04-07-2018 11:38 AM
Hi.
I have DPP 4.8.20.0
Screenshot shows what I wrote in subject.
04-07-2018 04:24 PM
Technically, both displays are correct because your image appears to have been a photo saved as JPEG in the camera.
The right hand info display is showing you the camera settings used to create the image. The left side is trying to indicate that a JPEG has no actual WB setting. The only WB setting that applies to a JPEG is “As Shot”, which in your case is “Cloudy”.
04-08-2018 04:08 AM
What are the other settings except "As Shot"?
Is the left side read correctly WB of the RAW file?
04-08-2018 08:35 AM - edited 04-08-2018 08:39 AM
@Echelonwrote:What are the other settings except "As Shot"?
Is the left side read correctly WB of the RAW file?
I am not sure if I fully understand your questions.
A JPEG does not really have WB data. The WB setting is baked into the image when it was adjusted, which is why I describe it “As Shot.”

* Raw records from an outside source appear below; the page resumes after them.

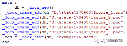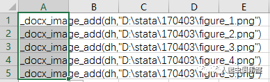 新建文档后,接下来就是添加图片,使用_docx_image_add( , )函数,括号内,逗号前是返回dh值,逗号后是图片的路径与文件名。也许你会问,我有很多图片要添加的时候,能不能用forvalues一次性解决啊?很遗憾,没有~不过,只要你想办法,就不用一行一行地输入了。虽然STATA帮不了你,但是你还有excel啊啊啊啊。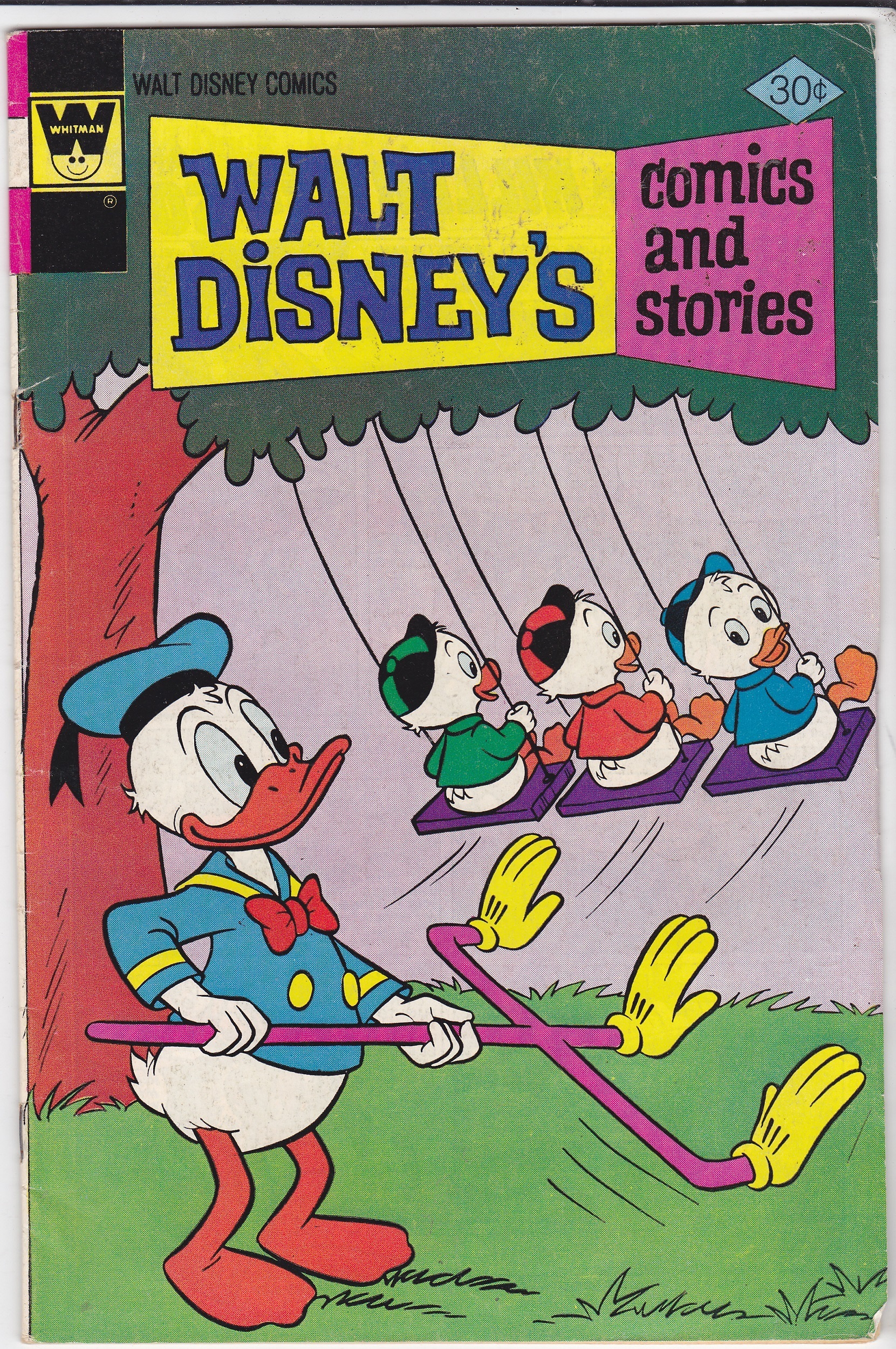 Walt Disney Comics and Stores #440 by Whitman Comics copyright 1977. I have graded the comic book, using the Overstreet Grading Guide, at VERY GOOD with the following defects: Light marks along the spine. The corners are rounded. There is a fold along the right edge. There is some yellowing of the pages.Seller Information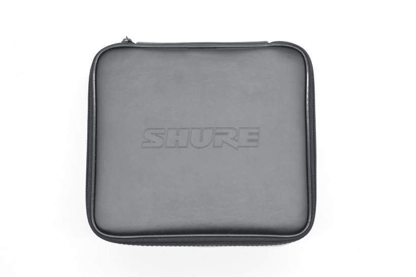 正面為Shure的logo,由拉鏈打開,箱體內部的外層為一層有一定厚度的海綿,內部由一塊硬泡沫填充,開了兩個槽位,分別完美放置PGA27的話筒本體以及它的減震架??梢哉f,話筒和減震架放在這個收納箱中會非常安心,并且這個收納箱也有能力抵擋一些顛簸狀況。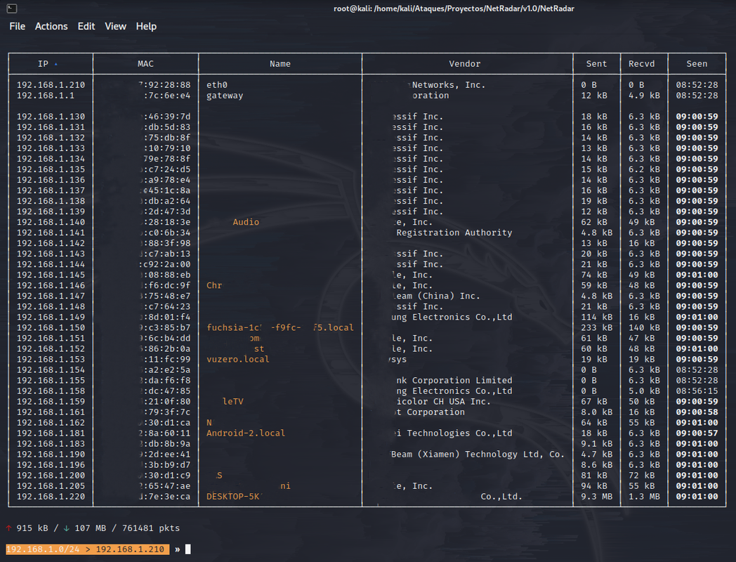 ☑️ Escáner de Red Local (Varios Dispositivos --> [Escaneo Rápido IPs (IPs, MAC, Vendedor Mac), Escaneo Rápido IPs + Puertos (IPs, N° Puertos, Servicio de cada Puerto, Mac, Vendedor Mac),Escaneo Continuo IPs (IPs, MAC, Vendedor Mac, Name, KB Enviados y Recibidos), Escaneo Avanzado IPs Puertos (N° Puertos, Estado, Servicio de cada Puerto, Versión de cada Servicio, Información del Contenido de cada Puerto, Mac, Vendedor Mac, Sistema Operativo, si tiene Host Información sobre él), Escaneo en Busca de un Servicio en Específico (HTTP/HTTPS, SMB, FTP, SSH, Telnet, Windows, NetBIOS)] [Ejemplo Gráfico]

Your second question is where the disconnect begins. The left side is not reading a RAW file EXIF data. It is displaying the JPEG EXIF data.
Look at it this way. A RAW file is the digital equivalent of a film negative. It contains metadata that describes how it was created Canon’s DPP software is effectively a digital darkroom. A JPEG is the digital equivalent of a hard copy print of a photograph.
DPP can read the RAW file, and produce an image that would be equivalent to what a virtual JPEG would look like. You can use DPP to make changes to various settings, which alter the appearance of the virtual JPEG. When you are satisfied with your adjustments, you use DPP to produce an actual JPEG file of the virtual JEPG that it has been displaying.
A JEPG contains metadata that describes how it should be displayed, whether it is on a digital display, or printed on paper. There is little difference between displaying on screen or on paper. The computer code to produce one or the other is identical. The only difference is that the programmer sends the instruction code to a display device, or a print device. But, that is going off on a tangent.
Your issue is that you are beginning with a JPEG, not a RAW file. You are not able to make the extensive adjustments that you can with a RAW file. Many JPEG files contain metadata that echoes what would have been in the RAW file that was used to create the JPEG, which is what you see on the right.
However, JPEG files contains metadata that describes how it should be displayed, be it on a computer monitor or on paper. In this sense, I am talking about all JPEG files, not just the ones created by photo software. Windows MS Paint can create a JPEG file, which will only contain metadata that describes how it should be displayed.